* EXERCISE GOAL: For this exercise, copy the data exactly and omit any images.

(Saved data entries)
════════════════

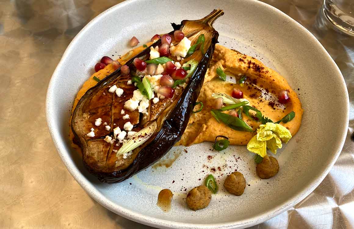 Pour le dessert, la Pêche rôtie au romarin, crumble, chantilly lavande, zeste de citon et combawa ; le Flan chocolat, confiture tomateverte et crème anglaise au ras El Hanout ; ou la pomme pochée, crémeux citron, basilic tropical et meringue.
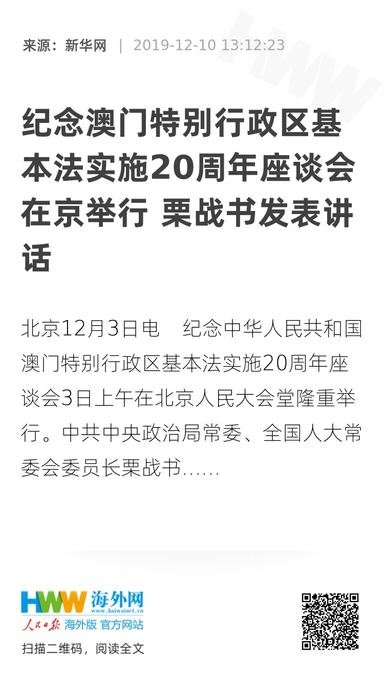 新华社北京12月3日电 纪念中华人民共和国澳门特别行政区基本法实施20周年座谈会3日上午在北京人民大会堂隆重举行。中共中央政治局常委、全国人大常委会委员长栗战书在会上发表讲话强调,要深入学习贯彻习近平总书记关于港澳工作的重要论述精神,坚持和完善“一国两制”制度体系,在宪法和澳门基本法的轨道上推进具有澳门特色的“一国两制”成功实践。中共中央政治局常委、国务院副总理韩正出席座谈会。
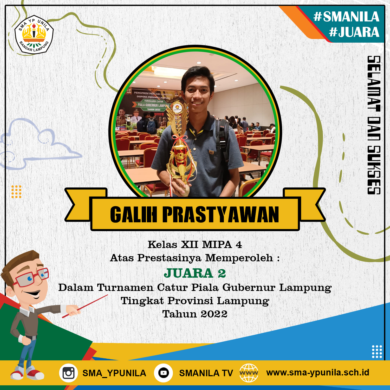Selamat kepada Galih Prastyawan kelas XII MIPA 4 yang telah Memperoleh Juara 2 Turnamen Catur Piala Gubernur Lampung pada 21 – 23 Desember 2022
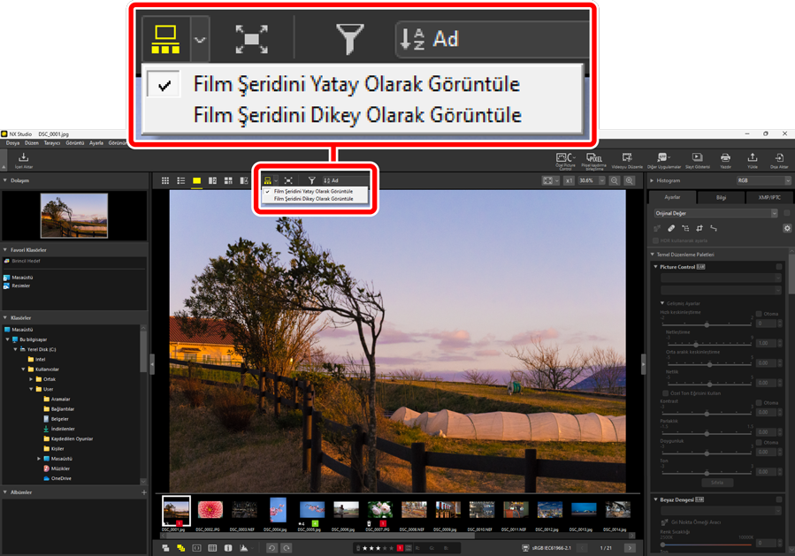 öğesine tıklayarak değiştirebilirsiniz. Yön, film şeridi görüntüleyicinin altında görüntülendiğinde
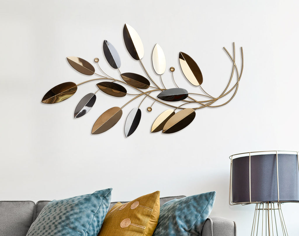 Beschreibung: Wandrelief, Zweig, "Shiny", Metall, goldfarben, VE 1, L. 5 cm, B. 56 cm, H. 100 cm
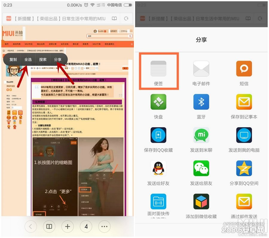 看见朋友圈里,很多朋友会发一张长图,里面有图片和文字。这是怎么实现的呢?MIUI的便签功能,让你手到擒来。

════════════════

* PROBLEM SOLUTION:
 Pour le dessert, la Pêche rôtie au romarin, crumble, chantilly lavande, zeste de citon et combawa ; le Flan chocolat, confiture tomateverte et crème anglaise au ras El Hanout ; ou la pomme pochée, crémeux citron, basilic tropical et meringue.
 新华社北京12月3日电 纪念中华人民共和国澳门特别行政区基本法实施20周年座谈会3日上午在北京人民大会堂隆重举行。中共中央政治局常委、全国人大常委会委员长栗战书在会上发表讲话强调,要深入学习贯彻习近平总书记关于港澳工作的重要论述精神,坚持和完善“一国两制”制度体系,在宪法和澳门基本法的轨道上推进具有澳门特色的“一国两制”成功实践。中共中央政治局常委、国务院副总理韩正出席座谈会。
Selamat kepada Galih Prastyawan kelas XII MIPA 4 yang telah Memperoleh Juara 2 Turnamen Catur Piala Gubernur Lampung pada 21 – 23 Desember 2022
 öğesine tıklayarak değiştirebilirsiniz. Yön, film şeridi görüntüleyicinin altında görüntülendiğinde
 Beschreibung: Wandrelief, Zweig, "Shiny", Metall, goldfarben, VE 1, L. 5 cm, B. 56 cm, H. 100 cm
 看见朋友圈里,很多朋友会发一张长图,里面有图片和文字。这是怎么实现的呢?MIUI的便签功能,让你手到擒来。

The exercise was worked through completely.